Items from a dataset:
----
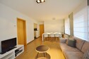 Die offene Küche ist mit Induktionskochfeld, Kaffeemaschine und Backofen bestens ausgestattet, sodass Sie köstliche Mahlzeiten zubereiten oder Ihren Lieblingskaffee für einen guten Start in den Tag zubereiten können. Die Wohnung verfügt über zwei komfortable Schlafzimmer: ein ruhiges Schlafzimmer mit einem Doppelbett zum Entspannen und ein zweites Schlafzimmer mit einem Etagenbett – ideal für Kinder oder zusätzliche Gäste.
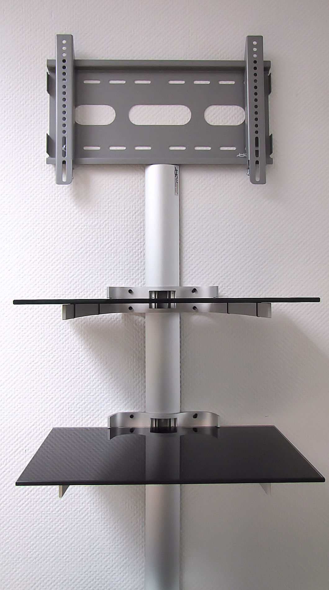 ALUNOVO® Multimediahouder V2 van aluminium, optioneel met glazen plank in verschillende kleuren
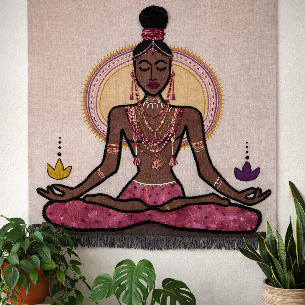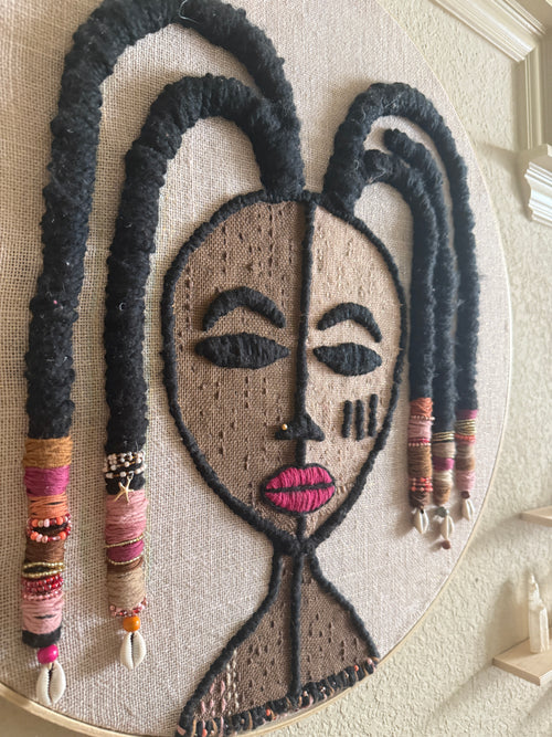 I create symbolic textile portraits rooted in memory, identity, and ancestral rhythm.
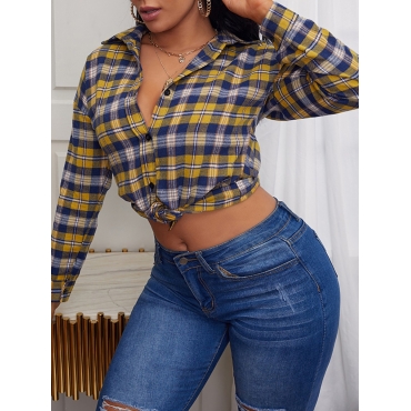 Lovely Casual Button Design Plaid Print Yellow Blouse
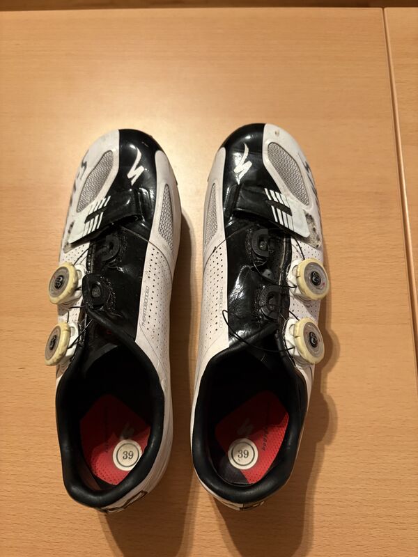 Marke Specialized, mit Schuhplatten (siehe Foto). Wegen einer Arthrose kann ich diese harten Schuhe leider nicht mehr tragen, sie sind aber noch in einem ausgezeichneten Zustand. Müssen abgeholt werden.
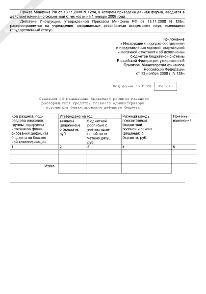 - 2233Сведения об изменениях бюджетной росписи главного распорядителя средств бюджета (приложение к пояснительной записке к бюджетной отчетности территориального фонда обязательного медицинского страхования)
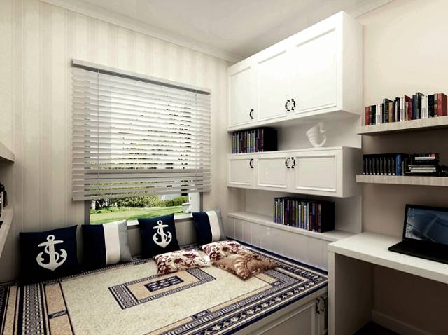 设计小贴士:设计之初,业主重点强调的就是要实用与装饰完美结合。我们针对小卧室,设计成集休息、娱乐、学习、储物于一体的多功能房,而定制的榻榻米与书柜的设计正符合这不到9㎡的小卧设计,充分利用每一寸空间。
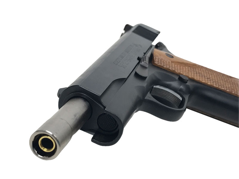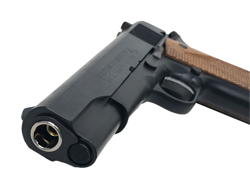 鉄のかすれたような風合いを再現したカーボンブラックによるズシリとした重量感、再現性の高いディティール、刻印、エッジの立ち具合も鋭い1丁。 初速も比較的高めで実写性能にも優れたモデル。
----
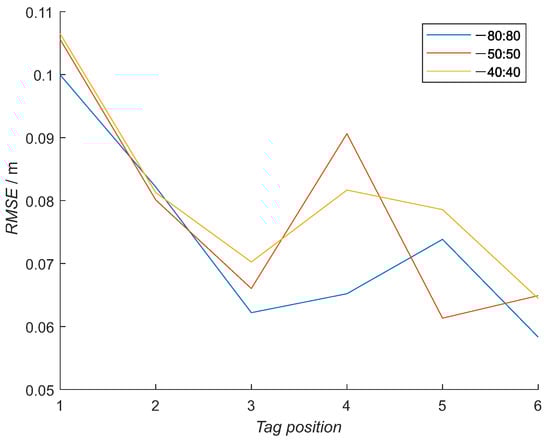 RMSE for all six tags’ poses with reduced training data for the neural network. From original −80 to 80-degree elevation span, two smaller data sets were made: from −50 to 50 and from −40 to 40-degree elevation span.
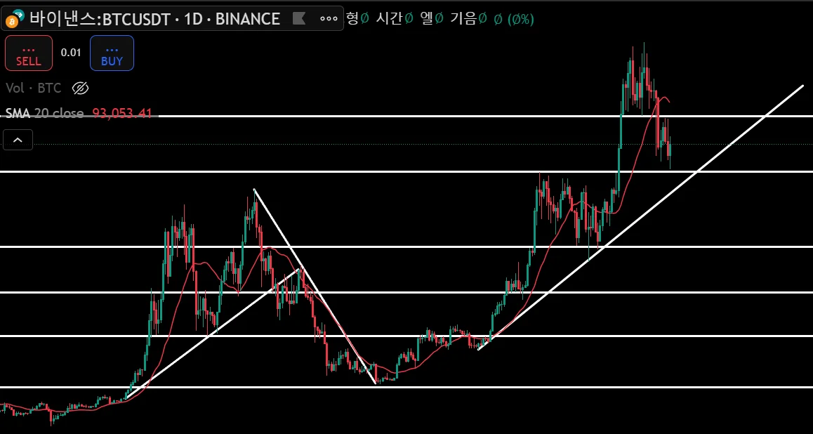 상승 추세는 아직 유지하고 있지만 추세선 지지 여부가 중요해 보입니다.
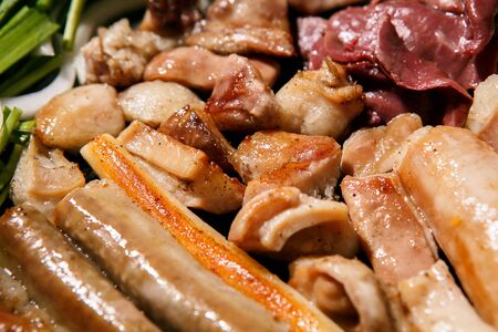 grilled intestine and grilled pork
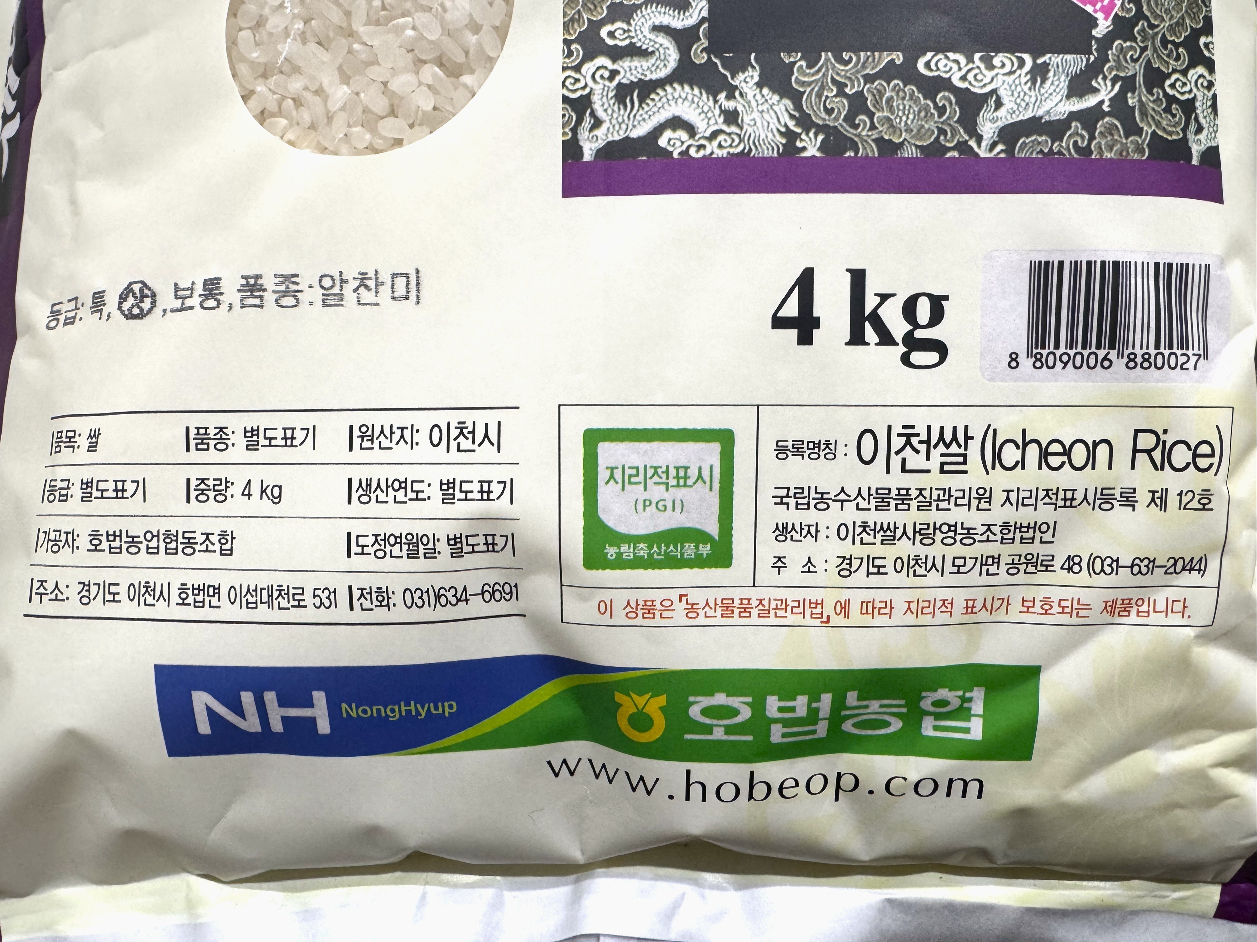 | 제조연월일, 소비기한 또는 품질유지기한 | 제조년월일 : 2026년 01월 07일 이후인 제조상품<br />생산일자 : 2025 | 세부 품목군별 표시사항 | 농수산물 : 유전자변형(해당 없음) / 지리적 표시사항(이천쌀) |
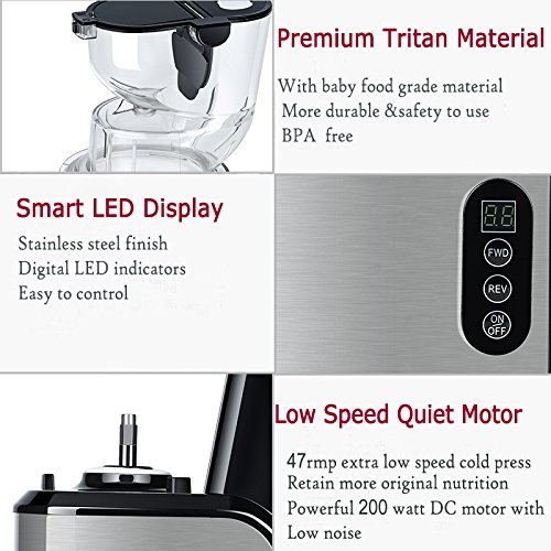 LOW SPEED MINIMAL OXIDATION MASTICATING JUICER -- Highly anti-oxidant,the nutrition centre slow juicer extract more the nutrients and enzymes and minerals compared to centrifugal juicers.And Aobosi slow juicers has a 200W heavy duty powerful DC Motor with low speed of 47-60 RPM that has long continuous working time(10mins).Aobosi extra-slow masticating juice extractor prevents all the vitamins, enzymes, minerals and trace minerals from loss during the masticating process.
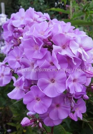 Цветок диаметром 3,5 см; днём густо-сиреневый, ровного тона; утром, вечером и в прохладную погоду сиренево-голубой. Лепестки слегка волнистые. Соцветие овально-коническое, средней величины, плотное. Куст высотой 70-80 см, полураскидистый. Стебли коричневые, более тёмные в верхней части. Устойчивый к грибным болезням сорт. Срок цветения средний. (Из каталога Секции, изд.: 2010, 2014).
----
DIRECTIONS FOR THIS TASK
Line for line, output the entries above from the line with "Die offene Küche" to the line with "鉄のかすれたような風合いを再", both included, and nothing more. Skip pictures.

YOUR RESPONSE
 Die offene Küche ist mit Induktionskochfeld, Kaffeemaschine und Backofen bestens ausgestattet, sodass Sie köstliche Mahlzeiten zubereiten oder Ihren Lieblingskaffee für einen guten Start in den Tag zubereiten können. Die Wohnung verfügt über zwei komfortable Schlafzimmer: ein ruhiges Schlafzimmer mit einem Doppelbett zum Entspannen und ein zweites Schlafzimmer mit einem Etagenbett – ideal für Kinder oder zusätzliche Gäste.
 ALUNOVO® Multimediahouder V2 van aluminium, optioneel met glazen plank in verschillende kleuren
 I create symbolic textile portraits rooted in memory, identity, and ancestral rhythm.
 Lovely Casual Button Design Plaid Print Yellow Blouse
 Marke Specialized, mit Schuhplatten (siehe Foto). Wegen einer Arthrose kann ich diese harten Schuhe leider nicht mehr tragen, sie sind aber noch in einem ausgezeichneten Zustand. Müssen abgeholt werden.
 - 2233Сведения об изменениях бюджетной росписи главного распорядителя средств бюджета (приложение к пояснительной записке к бюджетной отчетности территориального фонда обязательного медицинского страхования)
 设计小贴士:设计之初,业主重点强调的就是要实用与装饰完美结合。我们针对小卧室,设计成集休息、娱乐、学习、储物于一体的多功能房,而定制的榻榻米与书柜的设计正符合这不到9㎡的小卧设计,充分利用每一寸空间。
 鉄のかすれたような風合いを再現したカーボンブラックによるズシリとした重量感、再現性の高いディティール、刻印、エッジの立ち具合も鋭い1丁。 初速も比較的高めで実写性能にも優れたモデル。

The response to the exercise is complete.